Down to the last line, set down the material below exactly, excluding pictures.

Excerpted records:
##############################

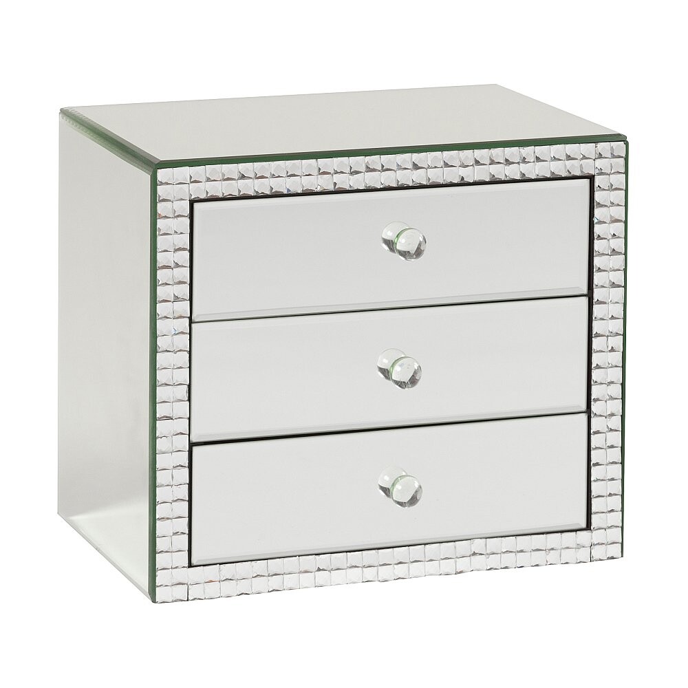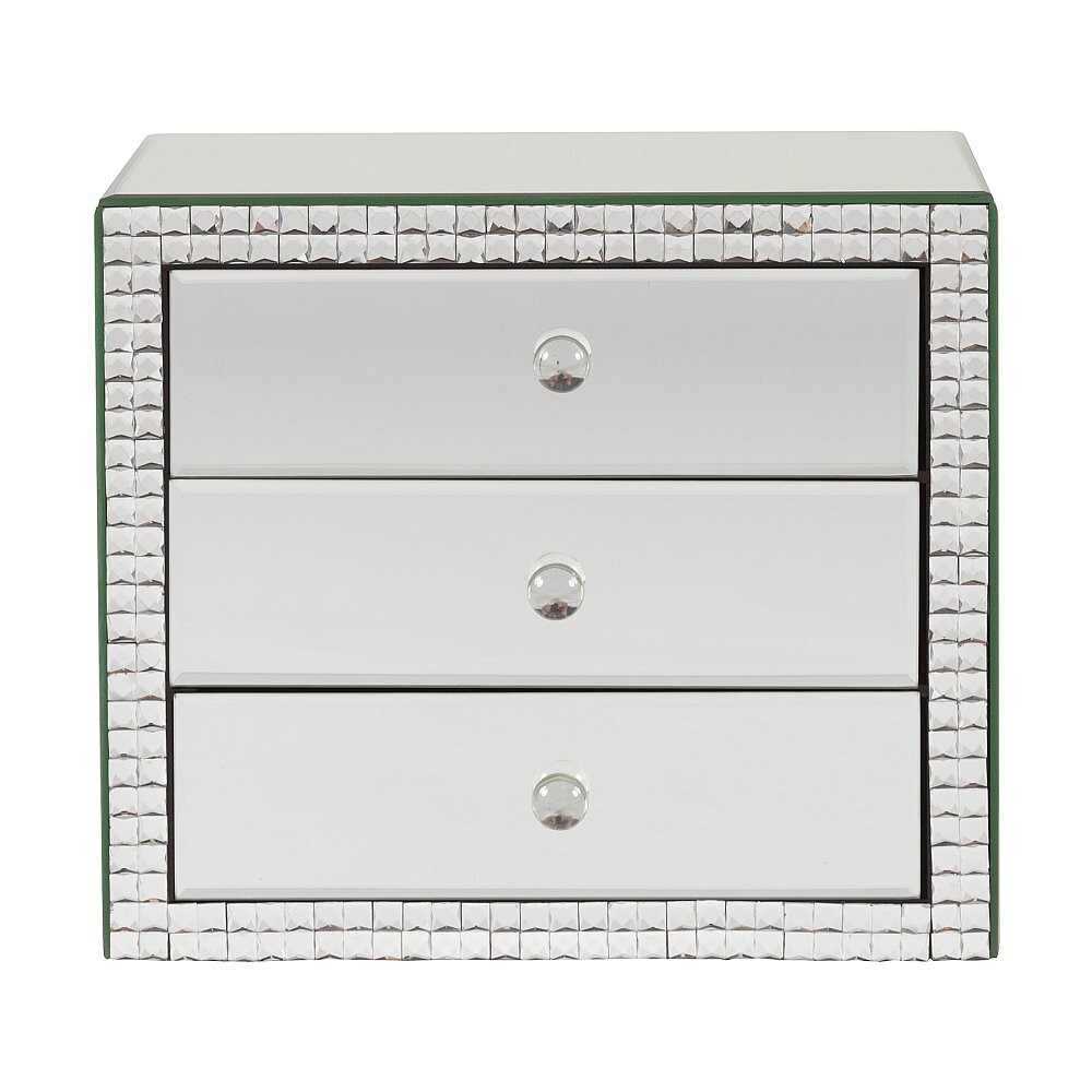 Внимание к деталям и украшениям должно быть тоже выдержано в стиле. Декоративный мини-комод Lorient будет держать ваши украшения и драгоценности в сохранности и уюте. Этот предмет меняет отношение к простым шкатулкам для безделушек. Изысканная значительная шкатулка подойдет, когда вы знаете, что следует в ней хранить. Мини-комод выполнен из МДФ и декорирован с каждой стороны зеркальной поверхностью. Имеет три выдвигающихся ящичка с круглыми ручками. По краям оформлен зеркальной мозаикой. Придаст интерьеру элегантности, станет отличным аксессуаром среди интерьеров в стиле арт-деко, лофт, прекрасно дополнит любую стильную современную комнату.
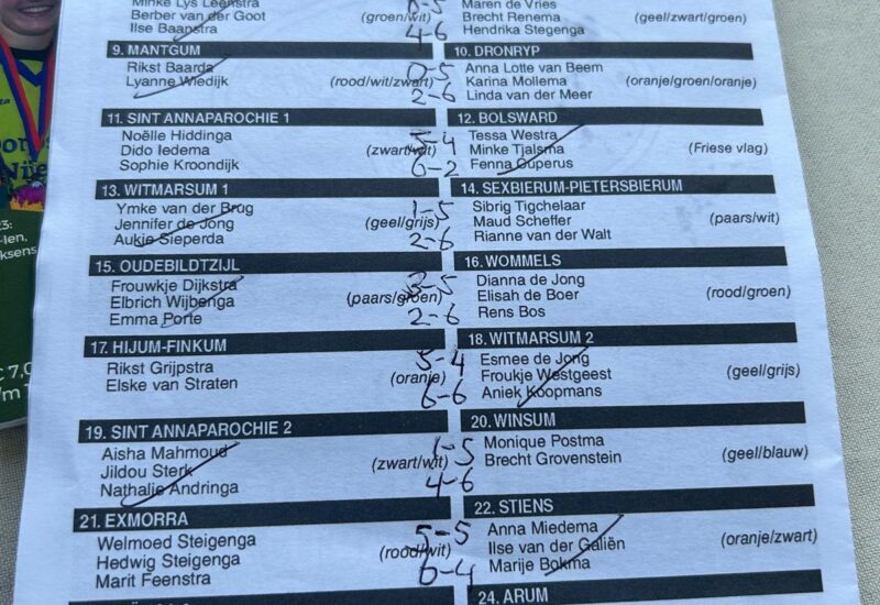Het partuur van Sint Annaparochie (Aisha Mahmoud, Sophie Kroondijk en Noëlle Hiddinga) hebben op overtuigende wijze de Ald-Meierspartij in Hitzum gewonnen. In de finale tegen Stiens werd het 5-1 en 6-2. Stiens (Idwer Vis, Ilse van der Galiën en Anna Miedema) was misschien ook wel een beetje uitgekaatst na een lange slijtageslag in de halve […]
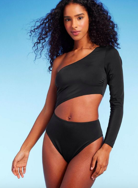 Long-sleeve styles can still show some skin! This one has a stomach cut out, and one arm free so you can make a chic fashion statement as you splash around beach-side.
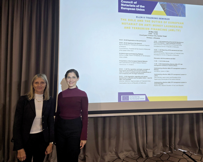 Los días 27 y 28 de mayo, el Consejo de los Notariados de la Unión Europea (CNUE) organizó en Vilna (Lituania) el seminario de formación EL@N II: El papel y las funciones del notariado europeo en la lucha contra el blanqueo de capitales y la financiación del terrorismo. En representación del Consejo General del Notariado (CGN) participaron en el encuentro la notaria María Belén Barrios y la colaboradora de Asuntos Internacionales del CGN en materia de blanqueo de capitales, Silvina Capello, quien intervino en la mesa sobre la implementación de sistemas eficaces de gestión del riesgo.
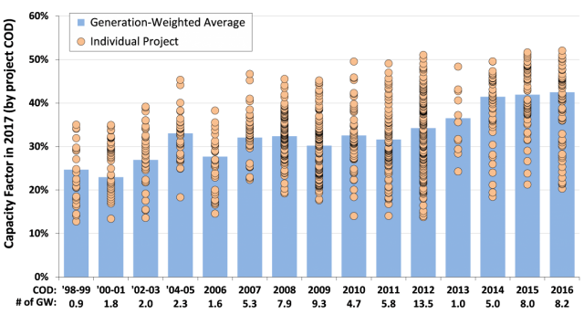 Die durchschnittliche „spezifische Leistung“ pro Quadratmeter Rotorfläche reduzierte sich damit von 395 Watt der in den Jahren 1998-1999 installierten Projekte, auf 231 W / m2 der ab 2017 installierten Projekte.
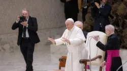 Pilgrims at the Wednesday general audience Aug. 9, 2023, hold up an image of the Virgin Mary. / Credit: Daniel Ibañez/CNA
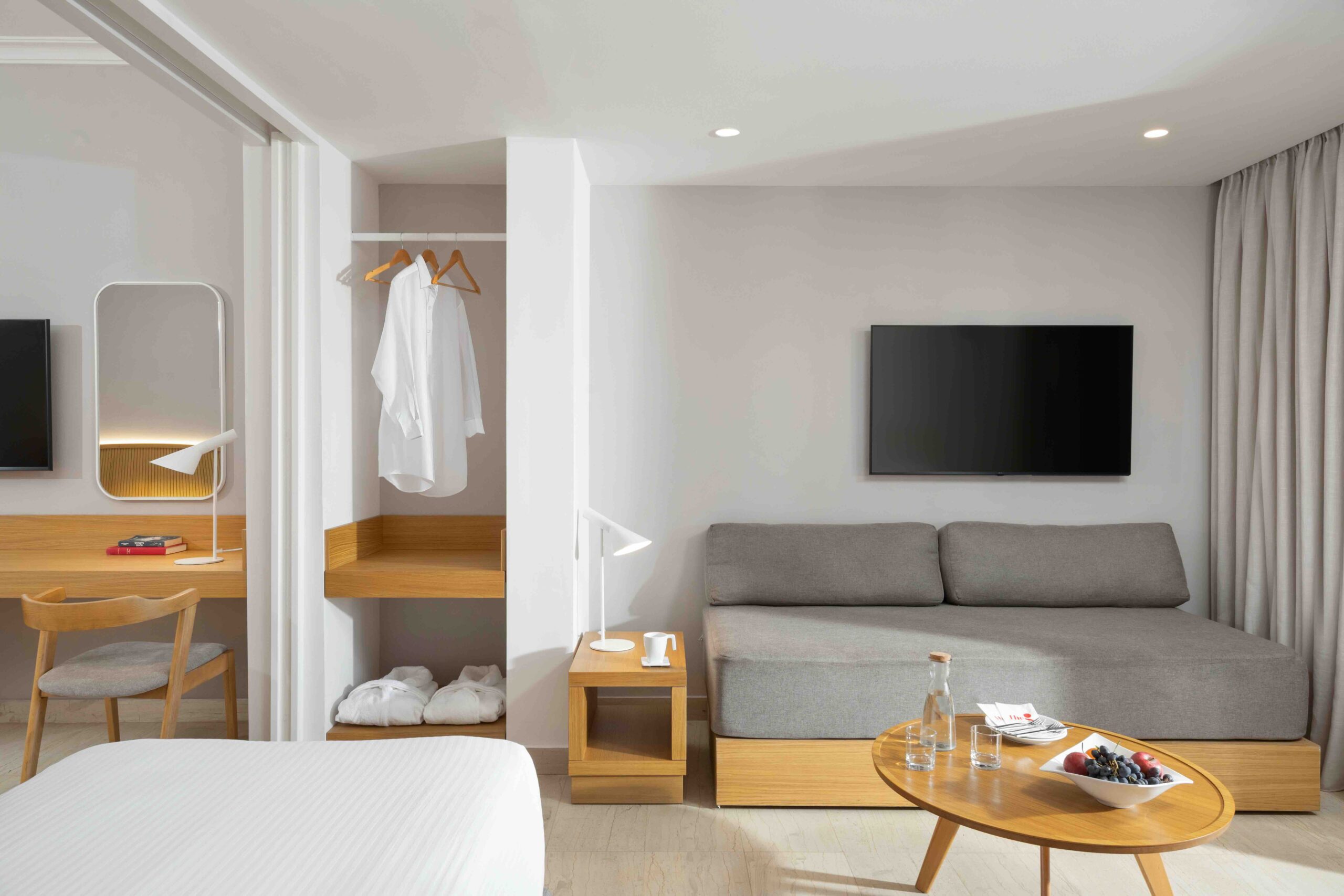 Unsere großzügigen Familienzimmer mit Garten- oder Meerblick vereinen modernes Design, eine helle Atmosphäre und ein durchdachtes Raumkonzept für unbeschwerte Urlaubstage mit der ganzen Familie. Wer direkt in der Nähe eines Pools untergebracht sein möchte, kann ein Familienzimmer mit direktem Zugang von der Terrasse zu einem Gemeinschafts- oder einem privaten Pool wählen.
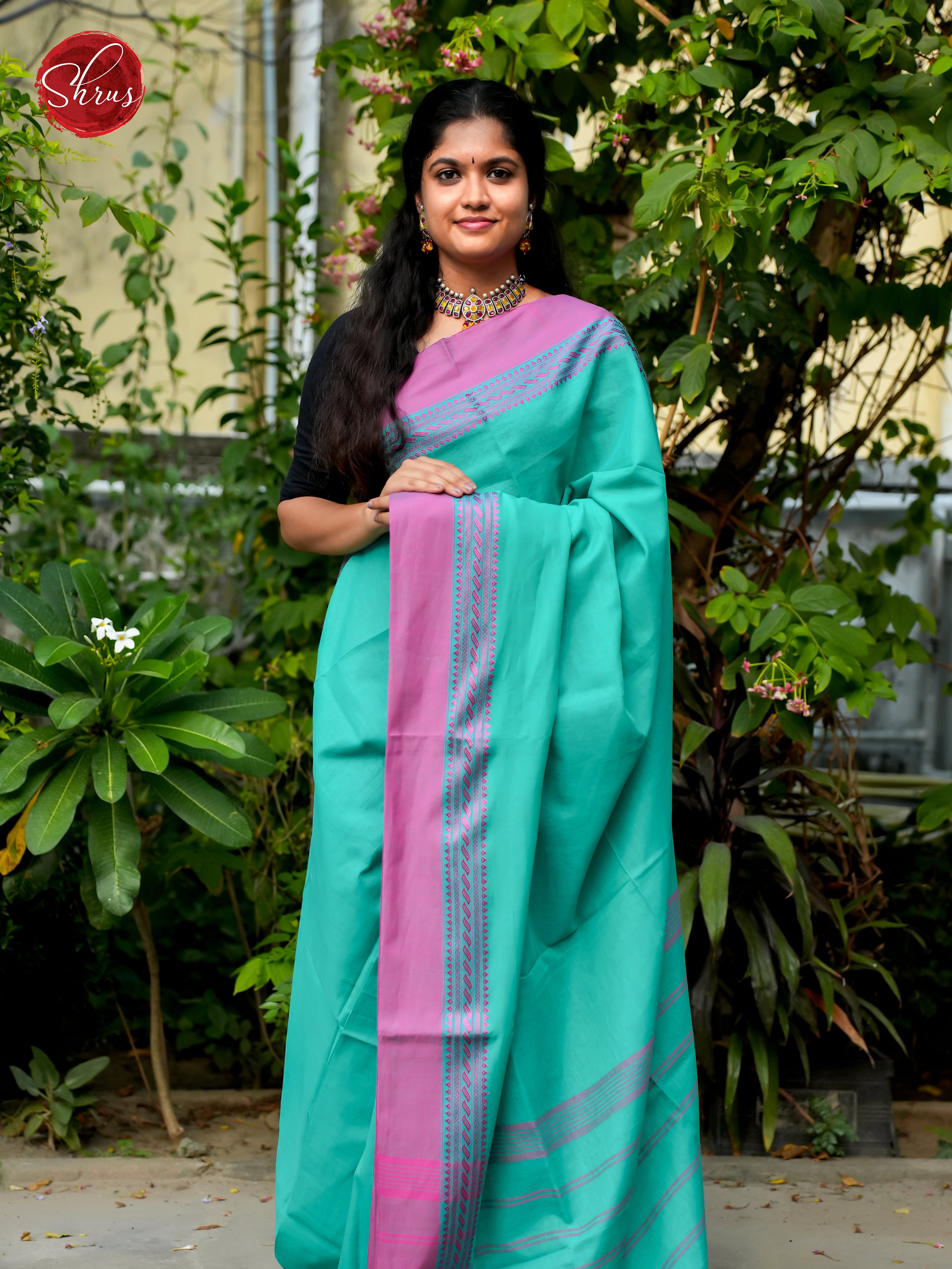Pretty Green Bengal cotton saree showcases a lovely plain body, bordered with a striking Pink. The refined self pallu has a striped design and is paired with a simple Self blouse with a border.

##############################

Solution to this problem:
 Внимание к деталям и украшениям должно быть тоже выдержано в стиле. Декоративный мини-комод Lorient будет держать ваши украшения и драгоценности в сохранности и уюте. Этот предмет меняет отношение к простым шкатулкам для безделушек. Изысканная значительная шкатулка подойдет, когда вы знаете, что следует в ней хранить. Мини-комод выполнен из МДФ и декорирован с каждой стороны зеркальной поверхностью. Имеет три выдвигающихся ящичка с круглыми ручками. По краям оформлен зеркальной мозаикой. Придаст интерьеру элегантности, станет отличным аксессуаром среди интерьеров в стиле арт-деко, лофт, прекрасно дополнит любую стильную современную комнату.
Het partuur van Sint Annaparochie (Aisha Mahmoud, Sophie Kroondijk en Noëlle Hiddinga) hebben op overtuigende wijze de Ald-Meierspartij in Hitzum gewonnen. In de finale tegen Stiens werd het 5-1 en 6-2. Stiens (Idwer Vis, Ilse van der Galiën en Anna Miedema) was misschien ook wel een beetje uitgekaatst na een lange slijtageslag in de halve […]
 Long-sleeve styles can still show some skin! This one has a stomach cut out, and one arm free so you can make a chic fashion statement as you splash around beach-side.
 Los días 27 y 28 de mayo, el Consejo de los Notariados de la Unión Europea (CNUE) organizó en Vilna (Lituania) el seminario de formación EL@N II: El papel y las funciones del notariado europeo en la lucha contra el blanqueo de capitales y la financiación del terrorismo. En representación del Consejo General del Notariado (CGN) participaron en el encuentro la notaria María Belén Barrios y la colaboradora de Asuntos Internacionales del CGN en materia de blanqueo de capitales, Silvina Capello, quien intervino en la mesa sobre la implementación de sistemas eficaces de gestión del riesgo.
 Die durchschnittliche „spezifische Leistung“ pro Quadratmeter Rotorfläche reduzierte sich damit von 395 Watt der in den Jahren 1998-1999 installierten Projekte, auf 231 W / m2 der ab 2017 installierten Projekte.
 Pilgrims at the Wednesday general audience Aug. 9, 2023, hold up an image of the Virgin Mary. / Credit: Daniel Ibañez/CNA
 Unsere großzügigen Familienzimmer mit Garten- oder Meerblick vereinen modernes Design, eine helle Atmosphäre und ein durchdachtes Raumkonzept für unbeschwerte Urlaubstage mit der ganzen Familie. Wer direkt in der Nähe eines Pools untergebracht sein möchte, kann ein Familienzimmer mit direktem Zugang von der Terrasse zu einem Gemeinschafts- oder einem privaten Pool wählen.
Pretty Green Bengal cotton saree showcases a lovely plain body, bordered with a striking Pink. The refined self pallu has a striped design and is paired with a simple Self blouse with a border.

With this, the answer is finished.